Chapter 20
Crushed to my knees in the glass room suspended over the deep ravine, I lifted my eyes to track the Oracle's slow saunter past the windows, her face turned away from us and toward the blighted forest.
Tavion and I were the baited hook, pinned like rats to the floor, unable to move.
All around us the Oracle's rage rippled through the air, suffocating us as she paced back and forth in cold, calculating anger.
She wouldn't be waiting much longer.
Tristan had sailed out of the clouds moments ago, little more than a shadow against the mist, my eyes too blurred from pain to tell if Anaria clung to his back.
But I knew Anaria would never leave us to face the Oracle alone.
Our princess had come for us, and I cursed her loyalty like I cursed my own failure.
I should have seen the threat. The palace was a honey trap, an easy solution to our problem, and I'd fallen for it. Stormfall would have been safer. Even Blackcastle, where we had Zephryn and Cosimo to back us up, would have offered more protection.
"We have to stop her, Raz," Tavion whispered, his voice barely audible. "Before Anaria gets here."
I nodded, jaw clenched tightly as I surveyed our impossible situation. "Agreed. At least Zor got out. And Bexley."
Not that I held out any hope they'd help us. Zor headed for Blackcastle to warn Torin, and Bex…well, knowing the mage, he was hiding. In the mountains, perhaps, after the Oracle wrecked his life's work with a violent tantrum of power.
The palace—this entire mountain—trembled beneath her rage, stone and rock rattling as she crushed and shredded, grinding years of the mage's work down to dust. Bexley's mouse had skittered away the moment she'd appeared out front and turned her gleaming smile on us.

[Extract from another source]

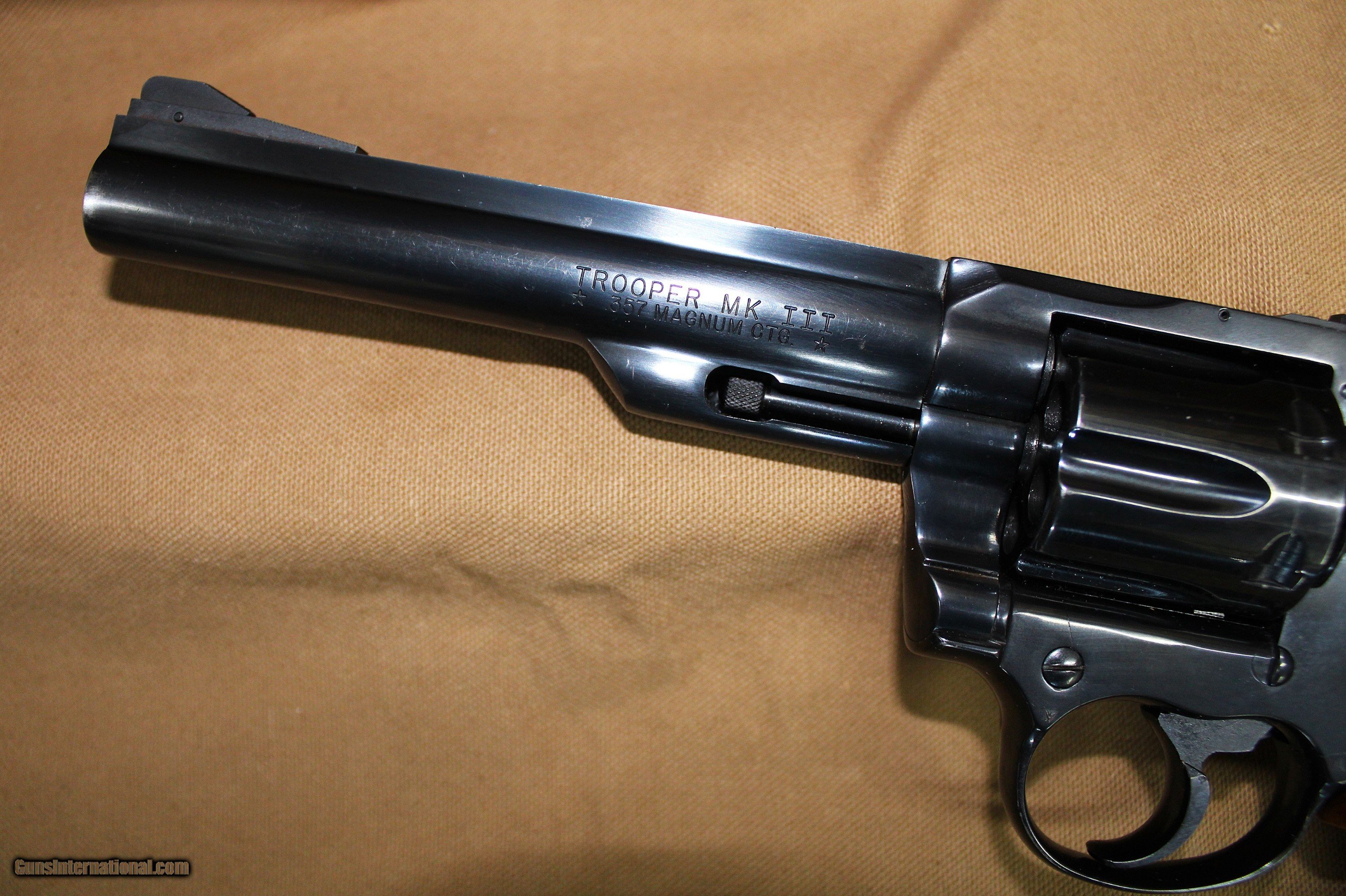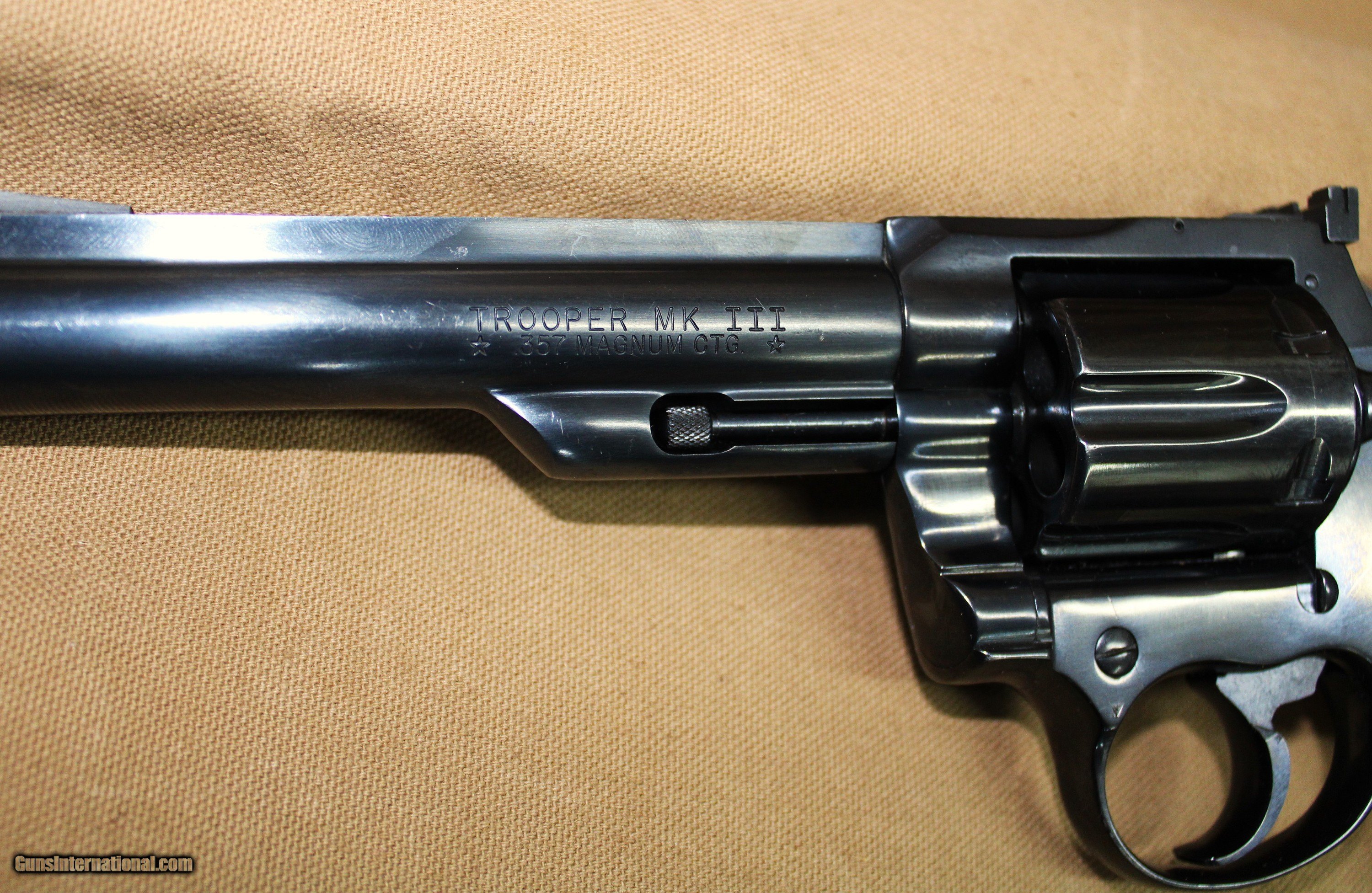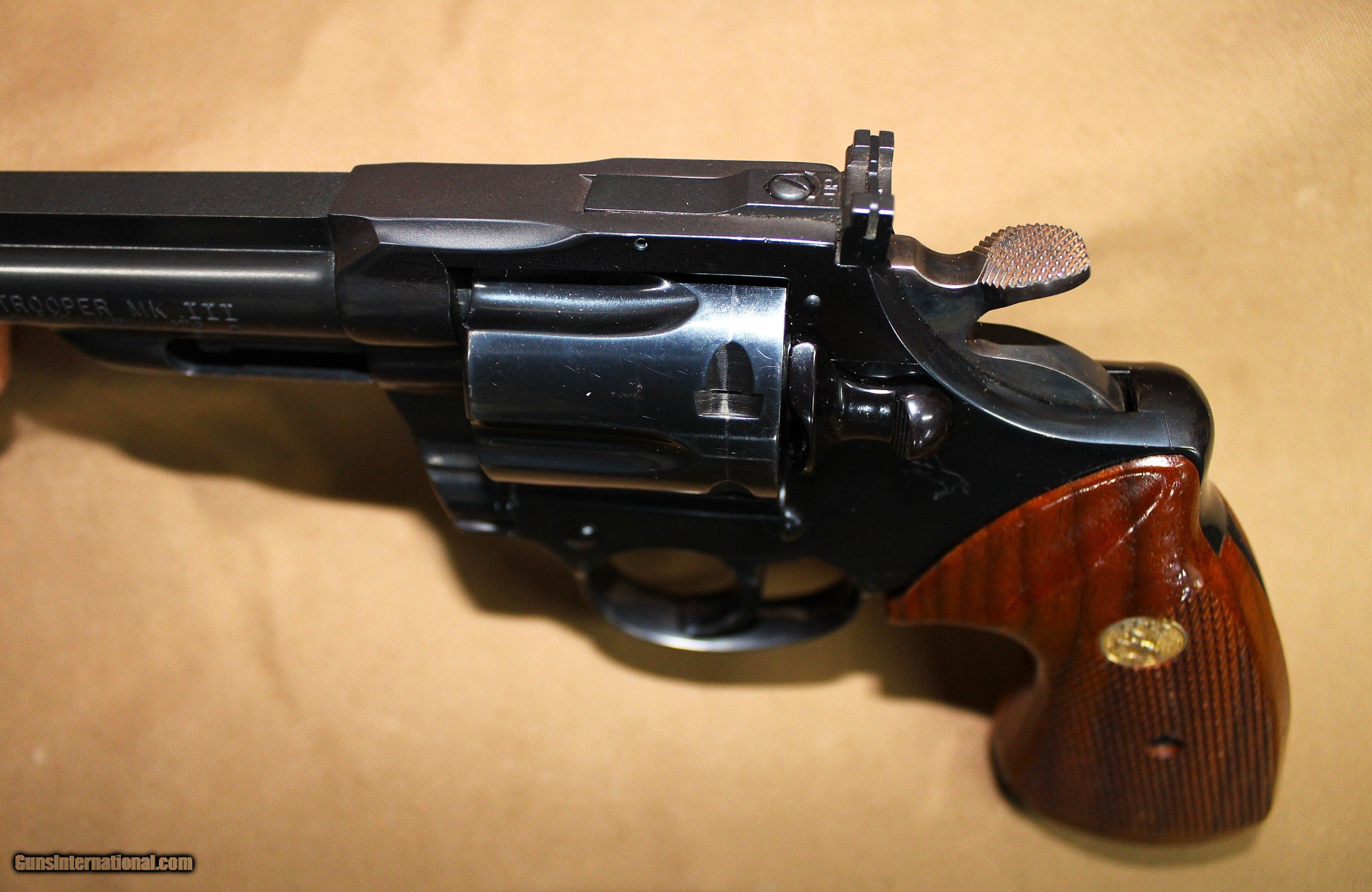 Description: This is a very nice Colt Trooper MK111 - it is a 6" blued gun, with a bright, shiny bore bore, and excellent action. This gun has been fired very little. It shows just a very slight cylinder turn line, slight muzzle wear and a few minor marks at the butt of the grips. I'm not exactly sure when this revolver was manufactured - MK111's were made from 1969 - 1983, the serial no. is 57878L. Overall this is a great Colt, a good all around gun to have, very versatile. This is one to shoot that will still maintain it's value. ***** This is a modern gun, it must ship to a FFL - please know your local laws. Shipping includes full insurance. Check or certified funds preferred ***** Thank you Handgun Caliber: .357 Magnum Manufacturer: Colt Model: Trooper Serial Number: 57878L Barrel Length: 6 Condition: Excellent Metal Condition: excellent Bore Condition: excellent Price: $1,175.00 Shipping: $75.00 Contact Seller |

As if on cue, her low chuckle echoed through the glass chamber, sending shivers down my spine. "Stunning, isn't it?" the Oracle purred, her voice dripping with malice. "I hope you appreciate the view. That dying forest will be the last thing you see."
Tavion's fists knotted, anger flushing up his neck. "You will pay for what you and your brother have done. We won't stop until you are both dead." Muscles corded and strained as he fought the pain of her magical bonds, strong enough to lurch to his feet.

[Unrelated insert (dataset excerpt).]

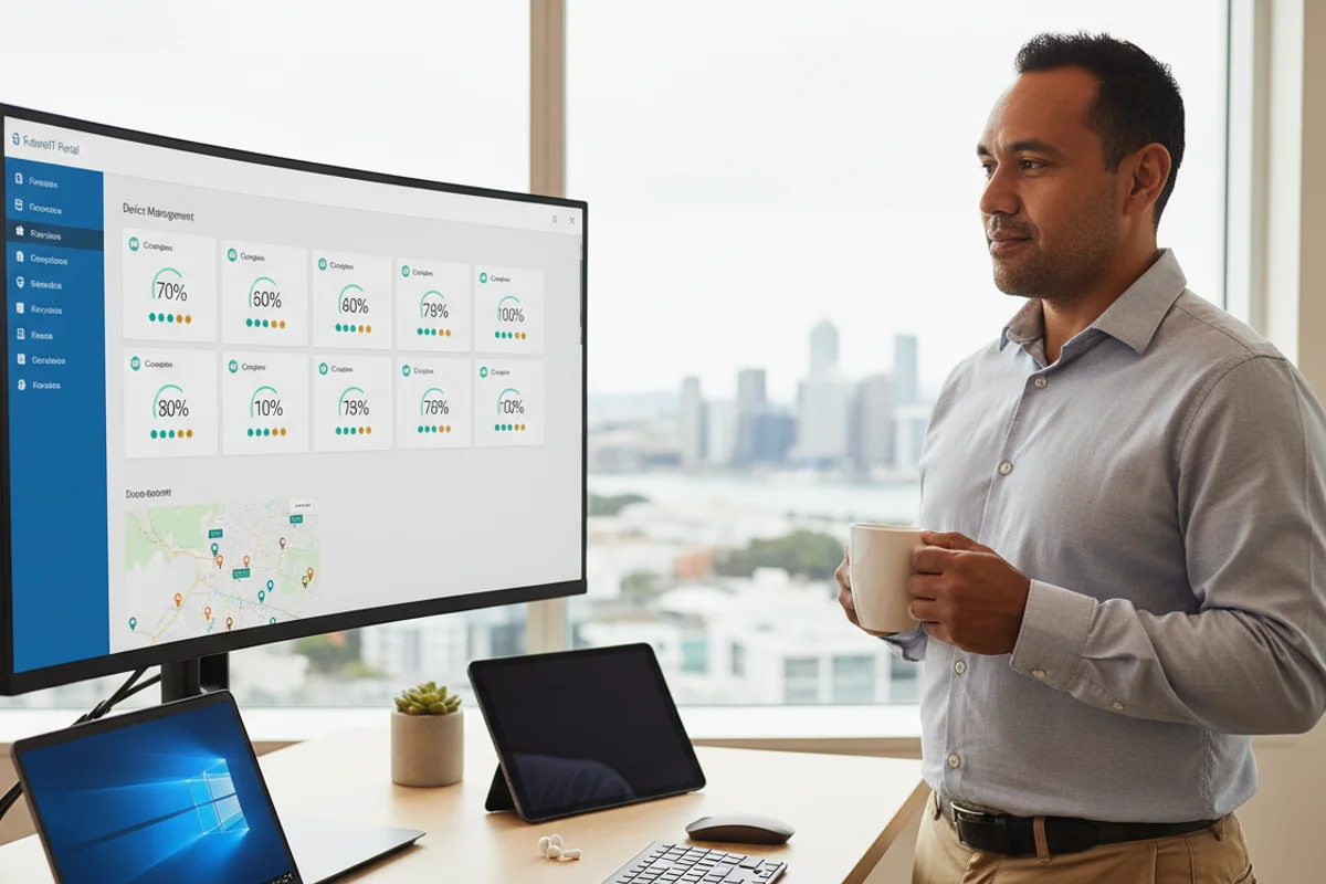 Your team's devices shouldn't need a two-hour IT setup session. Our MDM platform means laptops, phones, and tablets configure themselves — security policies applied, apps installed, and compliance enforced before anyone opens their first email.

Her eyes flared wide before she slammed him back down to the floor, his knees hitting the marble with a heart-wrenching crack, the floor rocking beneath me, his grunt of pain followed by her low, cold laugh.
"Such bravado, wolf, but you always were all talk. Your princess made a grave mistake locking me away inside my own mind. I'm tempted to do the same to her."
She crouched down so we were eye to eye, those shadows spilling across the floor like the train of a bridal gown. "They have arrived, the wyvern and your precious princess. Let us greet them properly, shall we?"
With a wave of her hand, the Oracle vanished from sight, leaving us alone, the only sound Tavion's pained groans. Outside, the sky darkened as storm clouds gathered, casting ominous shadows over the ravine below, that constant roar of waterfalls pounding in my ears.
I flexed my shoulders, yanking at my invisible bonds, but couldn't move a muscle. When I opened my mouth, nothing came out.
Tavion's eyes met mine, flared wide.
Inside my head, I screamed out warning after warning.
Don't come any further.
It's a trap.
Fly as far away from here as you can.
I didn't know if anything got through. Doubtful, with the Oracle's power locking me down. We knelt there, shoulders touching, and I squeezed my eyes closed as two sets of approaching footsteps echoed across the marble floor.